• [Work item]: Every line below that has the string "with" needs to be copied.

┄┄┄┄┄┄┄┄┄┄

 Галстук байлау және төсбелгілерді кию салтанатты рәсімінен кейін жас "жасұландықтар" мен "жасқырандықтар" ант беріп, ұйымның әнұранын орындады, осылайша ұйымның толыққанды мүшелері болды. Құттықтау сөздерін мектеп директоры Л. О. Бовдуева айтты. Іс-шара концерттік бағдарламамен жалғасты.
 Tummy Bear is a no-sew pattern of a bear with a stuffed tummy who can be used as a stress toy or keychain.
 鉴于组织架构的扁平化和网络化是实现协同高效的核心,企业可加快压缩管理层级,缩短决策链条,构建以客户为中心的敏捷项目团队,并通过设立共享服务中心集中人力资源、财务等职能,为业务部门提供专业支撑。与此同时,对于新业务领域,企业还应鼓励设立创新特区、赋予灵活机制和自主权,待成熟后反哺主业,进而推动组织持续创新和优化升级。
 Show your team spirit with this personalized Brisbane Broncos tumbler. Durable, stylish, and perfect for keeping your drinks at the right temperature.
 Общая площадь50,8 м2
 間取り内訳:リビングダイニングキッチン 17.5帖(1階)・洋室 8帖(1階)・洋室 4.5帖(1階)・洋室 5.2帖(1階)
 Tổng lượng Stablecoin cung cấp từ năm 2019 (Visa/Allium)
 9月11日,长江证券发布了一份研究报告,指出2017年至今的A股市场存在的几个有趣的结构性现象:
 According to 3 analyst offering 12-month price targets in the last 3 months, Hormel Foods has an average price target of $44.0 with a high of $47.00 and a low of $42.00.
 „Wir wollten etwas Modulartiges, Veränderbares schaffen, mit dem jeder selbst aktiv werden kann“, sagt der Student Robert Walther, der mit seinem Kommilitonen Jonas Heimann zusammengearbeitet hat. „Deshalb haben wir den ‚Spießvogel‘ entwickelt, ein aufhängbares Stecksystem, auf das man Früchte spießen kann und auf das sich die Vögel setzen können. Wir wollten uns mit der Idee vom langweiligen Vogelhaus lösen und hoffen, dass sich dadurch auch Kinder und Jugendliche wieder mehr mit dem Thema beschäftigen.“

┄┄┄┄┄┄┄┄┄┄

• [Solution for this problem]:
 Tummy Bear is a no-sew pattern of a bear with a stuffed tummy who can be used as a stress toy or keychain.
 Show your team spirit with this personalized Brisbane Broncos tumbler. Durable, stylish, and perfect for keeping your drinks at the right temperature.
 According to 3 analyst offering 12-month price targets in the last 3 months, Hormel Foods has an average price target of $44.0 with a high of $47.00 and a low of $42.00.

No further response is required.